Her backside hurt, her temple smarted, and she must have looked ridiculous with her legs draped over the side of a bathtub, feet sticking up. Meanwhile, instead of looking like a drowned rat, Dante looked gorgeous, hair curling, white shirt translucent and plastered to his chest, and his pants—no, she was not looking at his pants.

She glared at him while unscrewing the cap. “Are you laughing at me?” she said. “You think someone tried to kill me again and you’re laughing?”

He raised a fist to his mouth. “Someone’s been trying to kill you the whole time I’ve known you.”

She hurled the salve at his head.

He caught it. “Can we agree that when I tell you to move your ass from now on, you do it without question?”

“Fine. Can we agree that as long as I do, you won’t drag me around? The Finestra isn’t supposed to be manhandled.”

“Deal.” He shook the salve at her. “Done with this?”

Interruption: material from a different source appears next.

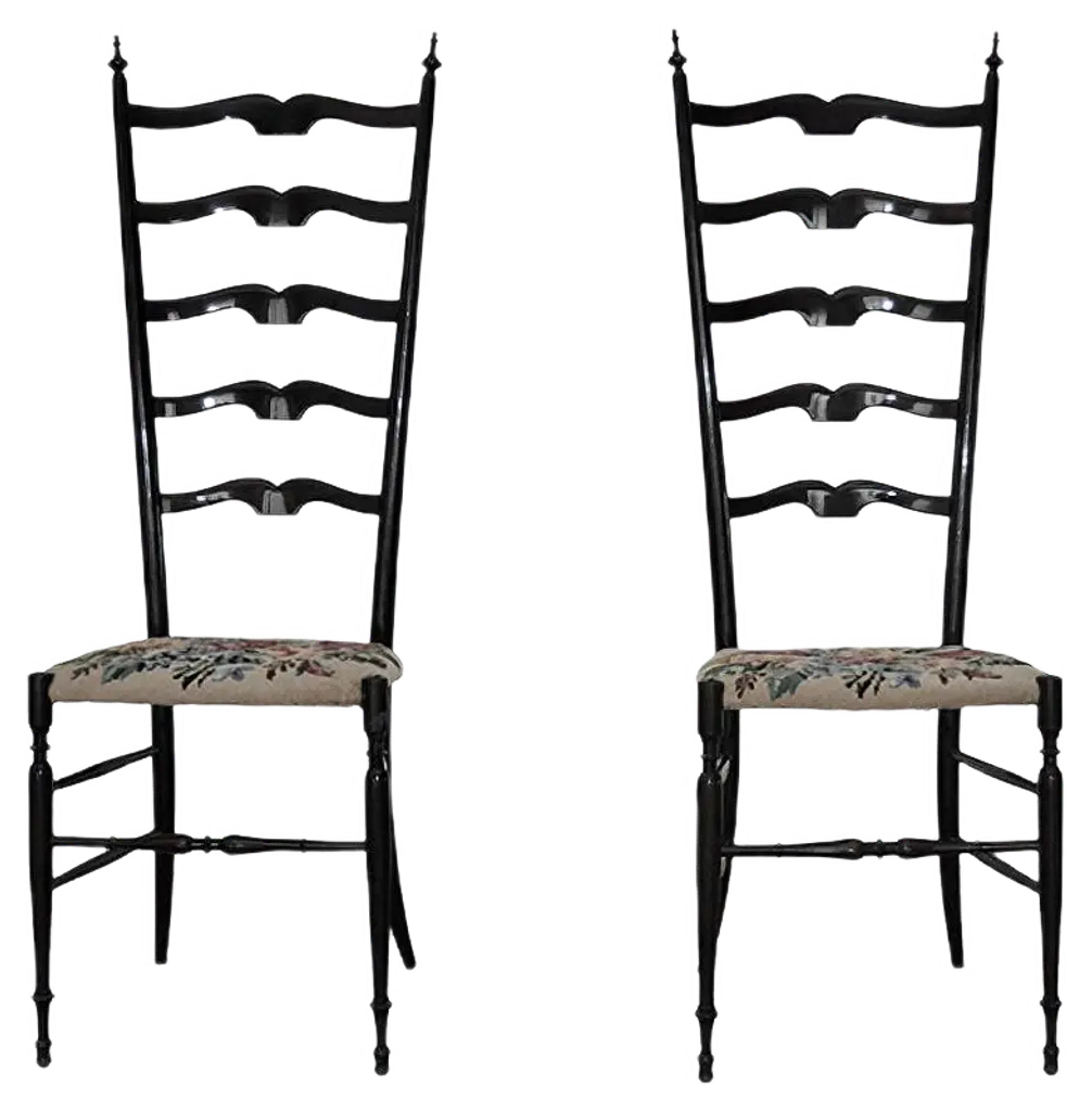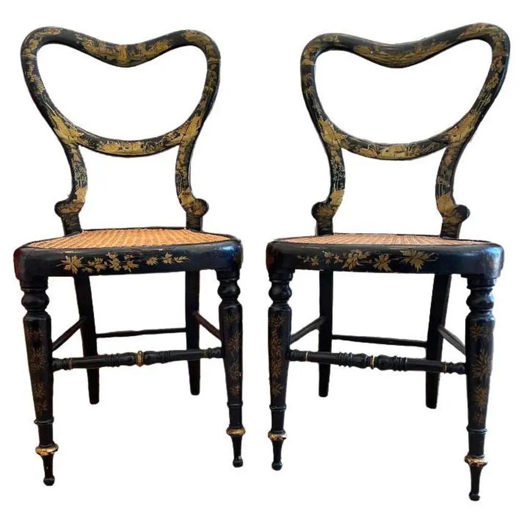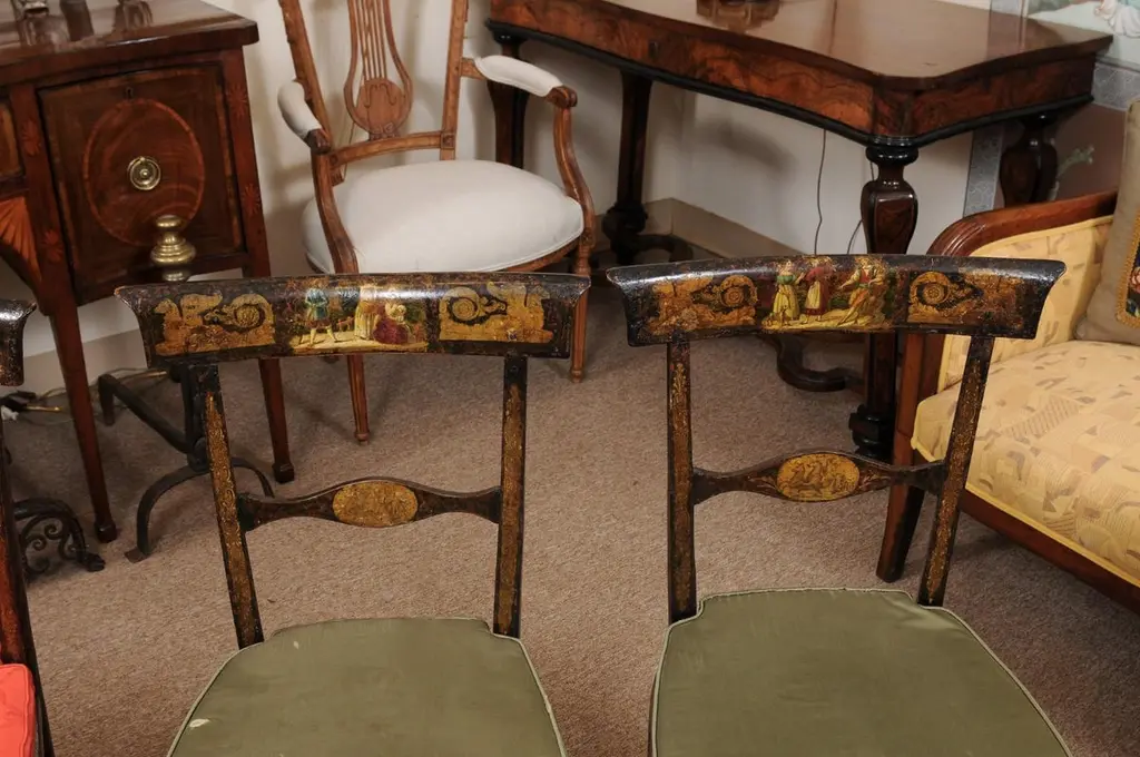 A pair of early 19th century black painted Italian side chairs with finely painted, beautiful scenes on top back rails, turned Legs, and rush seats. Each chair with a different courtyard scene, each one uniquely exquisite. Optional loose cushions in red and green upholstery available. Price is per pair.

Alessa pushed up to her elbows, squinting at the inside of his wrist. At the two crossed blades, the thin circle of minuscule letters around it—the mark that declared him a criminal, a killer. The faded mark.

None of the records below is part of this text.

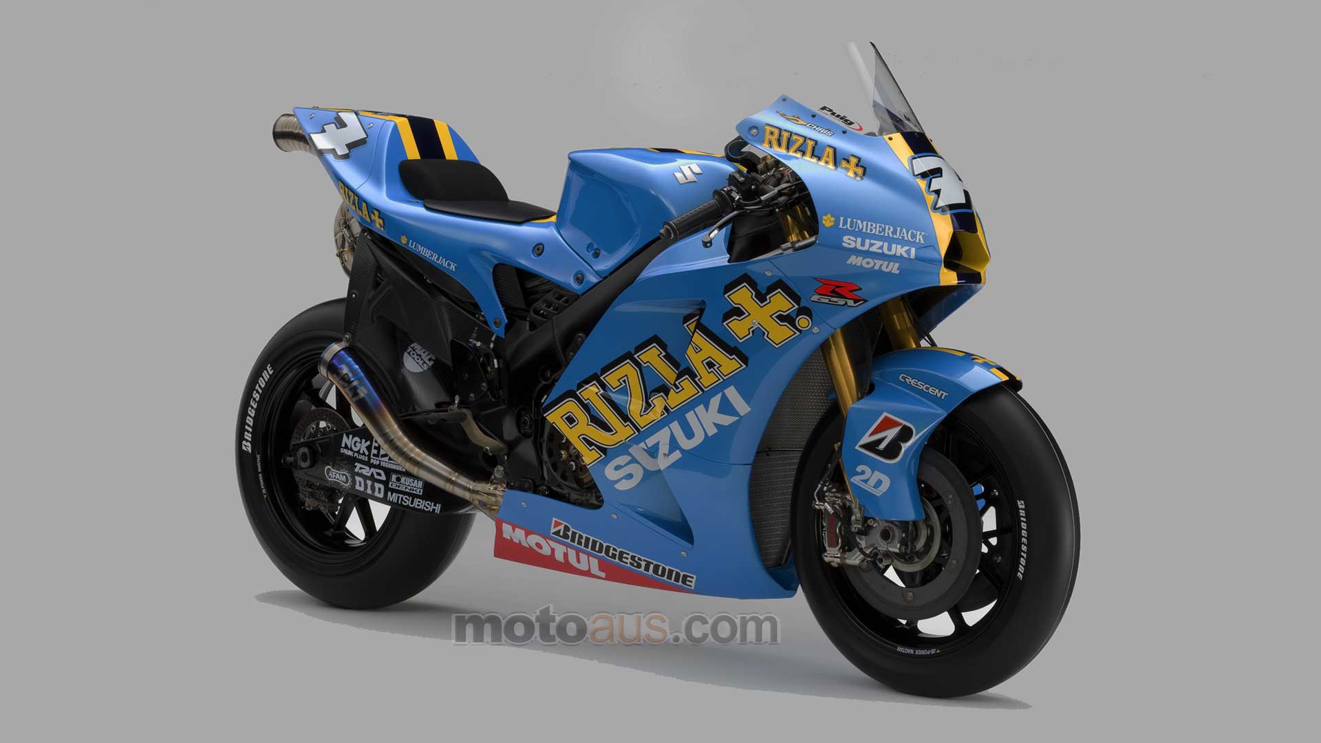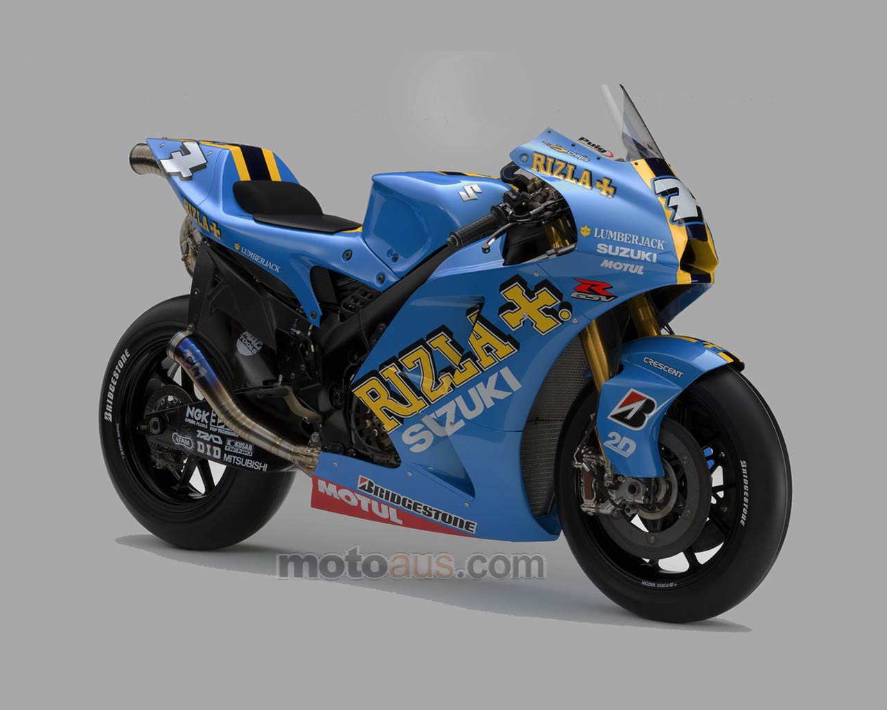 A range of sizes of images from Suzuki for the 2008 Rizla Suzuki GSVR MotoGP machine, to be raced in the 2008 MotoGP World Championship ridden by Chris Vermuelen and Loris Capirossi. 5 image sizes including 3 widescreen up to 1920 pixels wide.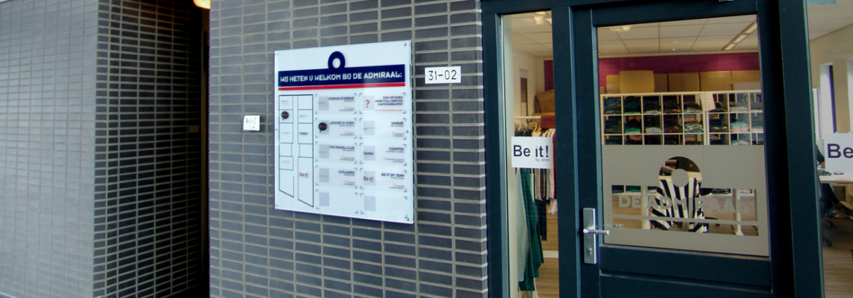 Wij en onze buren zijn voortaan goed vindbaar, dankzij dit logobord in de entree, door ons verzorgd voor bedrijfsverzamelgebouw De Admiraal Doetinchem. Het bord zelf is uitgevoerd in mooi dik plexiglas en de huurders worden aangeduid via statische bestickering.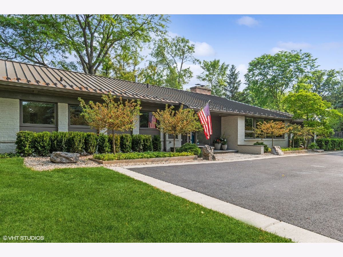 MID-CENTRY MODERN PERFECTION! Rare opportunity to own a meticulously renovated, mid-century Ranch home in Glencoe. Designed by pioneering architect Greta Lederer, this property has been completely restored, utilizing the highest quality materials and sophisticated craftsmanship. Situated on nearly a half-acre corner lot, the house features expansive Pella/Marvin windows and doors, a metal roof, professional landscaping and a gourmet eat-in kitchen, all completed in 2021. Many of the original features have also been updated to retain the home's authentic mid-century credentials, including parquet flooring, living room fireplace, vaulted ceilings and a California contemporary floor plan. The home has a spacious foyer, powder room with Kohler/Toto appointments, custom vanity and Italian metallic tile. The expansive living room and adjacent dining room both offer views of the gardens and feature sustainable Carnegie wall coverings, custom bookshelves, recessed LED lighting, parquet wood flooring and vaulted ceilings. This space is perfect for entertaining as both rooms overlook the newly-landscaped yard, which includes a bluestone patio, a custom fountain from Stone Forest in Santa Fe, bonsai trees, Japanese maples and boxwood - inspired by the gardens of Kyoto. The gourmet kitchen completed in 2021, features SS AGA, Miele and Thermador appliances, a Dornbracht faucet, a deep SS workstation sink, Italian Arrex le Cucine cabinetry, seamless countertops/backsplash in Laminam Italian Naturali Calcatta, plus a custom eat-in banquette featuring Holly Hunt fabric, an inset TV and even a built-in dog bunker complete with slow-close door. Off the main living area, is a spacious family room that opens onto the back patio and is flanked by Zen-like fountains on either side. The fountain in the front has a cedar deck surround-perfect for meditation or yoga. The room has extensive Italian Arrex le Cucine lighted bookshelves, a built-in safe and floating credenzas and cabinets. There is also a custom wood slat feature in keeping with the home's mid-century aesthetic. Off the family room, is a large mudroom with a built-in SS wine fridge, plus an additional refrigerator - a perfect bar area. This space is also appointed with Arrex le Cucine Italian cabinetry and a large storage room. The laundry features Cesarstone countertops, new LG appliances and extensive built-in cabinetry. Opposite the living area, are two large bedrooms each with en-suite full bathrooms, featuring Modwalls glass tile, Porcelanosa vanities, Robern medicine cabinets and custom glass showers. The primary suite features a large bedroom, spa-like bathroom with double Kohler sinks, a built-in Kohler soaking tub, Cesarstone countertops, custom Italian cabinetry by Italian Arrex le Cucine, walk-in shower, hand-made metallic tile, Robern medicine cabinets and a Robern beauty box. There is also a spacious primary closet by California Closets, complete with center island, plus, a large two-person home office separated by a custom pocket door featuring frosted privacy glass. The property also features perfectly maintained mature trees, a sprinkler system, landscape and security lighting, an invisible fence, two-car garage and private fenced backyard. Situated within walking distance to downtown Glencoe (public transportation, restaurants, boutique shopping and The Writers Theatre), with The Chicago Botanic Gardens, public golf courses and biking/hiking trails also nearby. The quality of this ranch home is unmatched on the North Shore. Please come see "Palm Springs in Glencoe" and make it your new home.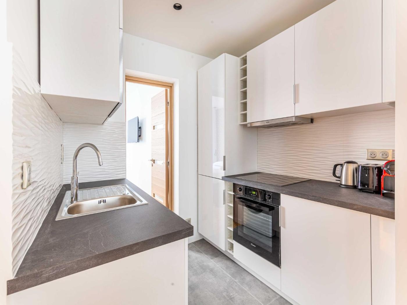 Appartement 1 Chambre. This apartments standout feature is the fireplace. This apartment includes 1 living room, 1 separate bedroom and 1 bathroom with a shower and a hairdryer. In the fully equipped kitchen, guests will find a refrigerator, kitchenware, an oven and a microwave. The apartment offers a washing machine, a tea and coffee maker, a seating area, a dining area, as well as a TV with cable channels. The unit has 1 bed.

Dante dropped his hand, but she’d already seen the proof.

“It’s fake,” she said. “You marked yourself.”

Twenty-Two

Si dice sempre il lupo più grande che non è.

In a story, little lies make the wolf bigger.

DAYS BEFORE DIVORANDO: 26

The laughter wiped from his face.

“Why?” Alessa clambered out of the tub. “Why would you pretend to be a criminal? An outcast?”

“Why do you care?” He slammed the salve onto the counter and walked out.

Leaving a wet trail behind her, she ran after him. “I’m trying to understand you.”

“There’s your first mistake.”

“If you aren’t marked, you don’t even need a Fortezza pass, so why did you come to work for me?”

He wouldn’t—or couldn’t—look at her. “Because men do stupid things when women cry?”

“Not good enough. You lied to me.”

He whirled on her, eyes flashing. “You found me, remember? And mark or no mark, I am an outcast. No home, no family, no friends.”

“I told you—” She stopped, suddenly lightheaded. “I thought you understood what it felt like, but you’ve never killed anyone.”

“You say that like it’s a bad thing. Maybe I just didn’t get caught.”

“Which one is it?”

“I didn’t save them. Same thing.” He stared at the floor, hands gripping the hilts of his knives like they were the only thing tethering him to the ground.

She couldn’t stay angry when he looked so lost. “Your parents?”

“To start.”

“For what it’s worth, I’m a much better listener than I am a Finestra.”

“You don’t need my ugly history.”

“What’s one more tragedy?” She gave a delicate shrug, a gamble that paid off when he quirked an almost-smile. “I told you mine,” she said, a teasing lilt to her voice.

He turned to the rain-streaked balcony doors, fists clenched, mouth tight. She was about to leave him in peace when he finally spoke. “They were killed by a mob. People we’d known all our lives turned on them, dragged them outside, and beat them to death.”

She shivered. “Why? What could they possibly—”

“Nothing,” he snapped. “They didn’t do anything to deserve that.”